I thought I was dealing with this reality pretty well, but it was getting harder to keep my heart in check and not fall for his pretty-boy charms. His kindness was getting to me, even though I knew I was nothing more than another girl to him.
What are you doing?
This was the kind of text I usually got when he was alone and bored. At first, I had thought he was genuinely interested in the answer, but after noticing how often the words hey sweetie and babe flashed across the screen of his phone when we were together, I knew that was all bullshit.
All men were liars. Even the bighearted, pretty ones.
I didn’t trust men, but unfortunately, I needed them in my life. I wished I weren’t always so needy for affection and attention, but I was. I hated that about myself, and I often tried to hide it, but it was getting harder to do that. Watching Rush abandon his playboy ways for the right woman and seeing his best friend—and my onetime fuck buddy—Grant Carter, turn into the perfect man for his wife, Harlow, hadn’t been easy. I wasn’t a Blaire or a Harlow. I didn’t inspire men to want to change for me. Admitting that hurt deeply, but it was something I was coming to terms with.
Anger, self-loathing, and feelings of inadequacy can make a person hateful. Bitter. A monster.
That’s exactly what I didn’t want to become.

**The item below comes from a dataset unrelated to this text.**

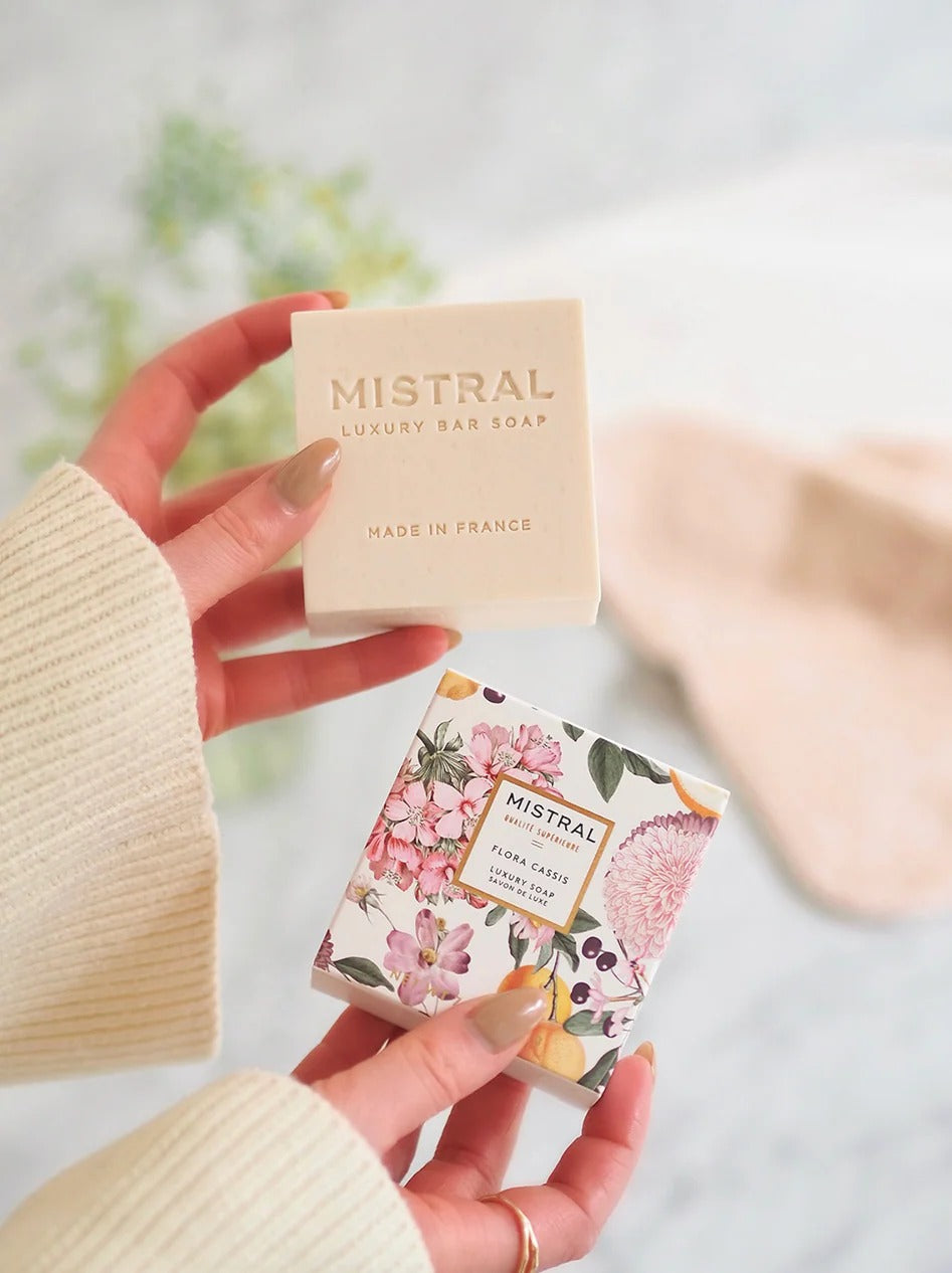 FLORA CASSIS 200g BAR SOAP LUXE WOMAN An expertly milled soap as only the French can do, beautifully packaged and giftable, as rich and refined as its fragrance.

As much as I wanted to ignore Major, I knew I wouldn’t. Replying to him meant he’d give me attention, and then I could pretend for a moment that he had feelings for me. That I was worth more. That I was the kind of girl a guy would change for.

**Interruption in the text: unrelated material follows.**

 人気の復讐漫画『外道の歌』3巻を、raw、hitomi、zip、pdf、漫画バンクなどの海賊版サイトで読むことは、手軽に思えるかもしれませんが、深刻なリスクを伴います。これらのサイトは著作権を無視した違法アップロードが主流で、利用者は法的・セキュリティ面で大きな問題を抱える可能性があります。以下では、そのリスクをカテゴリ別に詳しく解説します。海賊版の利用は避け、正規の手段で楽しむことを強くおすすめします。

Just waking up, I replied, as I sat up in bed.
The text bubble that always popped up when someone was in the middle of replying showed up on the screen, and my stomach did a little flutter thing. He was alone. He was thinking about me.
Yes, I know, I sound pathetic, but I’m being honest here.
Sleepyhead. What time did you go to bed last night?
The better question would be what time did he go to bed last night. He hadn’t texted me after eight p.m., and I had too much pride ever to text or call him first. His last text had been distracted, and I assumed he was with someone else.
Late, was my simple response. The truth was, I had sat on my sofa, cuddled up alone under a blanket, watching season three of Gossip Girl and eating popcorn that I would have to run off this morning.
What were you doing up late?
That kind of question always annoyed me. He felt like he could just ask me anything because he knew I’d give him a real answer. but I could never straight-up ask him what he was doing, because I knew I’d only get part of the truth—usually the part that didn’t involve another girl.
Watching TV. I didn’t feel like lying to make him jealous. I had realized long ago that Major didn’t do jealous where I was concerned, which sometimes felt like a slap in the face. Yet another thing I always forgave him for, just because he was so damn nice.
Gossip Girl or Grey’s Anatomy?
He knew my two favorite shows. He remembered everything about me. Which was yet another thing that complicated things for me.
I’m good, he texted, with a winky face. He was the only guy I knew who used emojis. At first, I thought it was weird, but I expected it now. It was just Major being Major. He could make things acceptable that normally weren’t sexy.
Lunch today? Maybe Japanese?
He loved Japanese food.
And I was afraid, maybe just a little, that I loved him.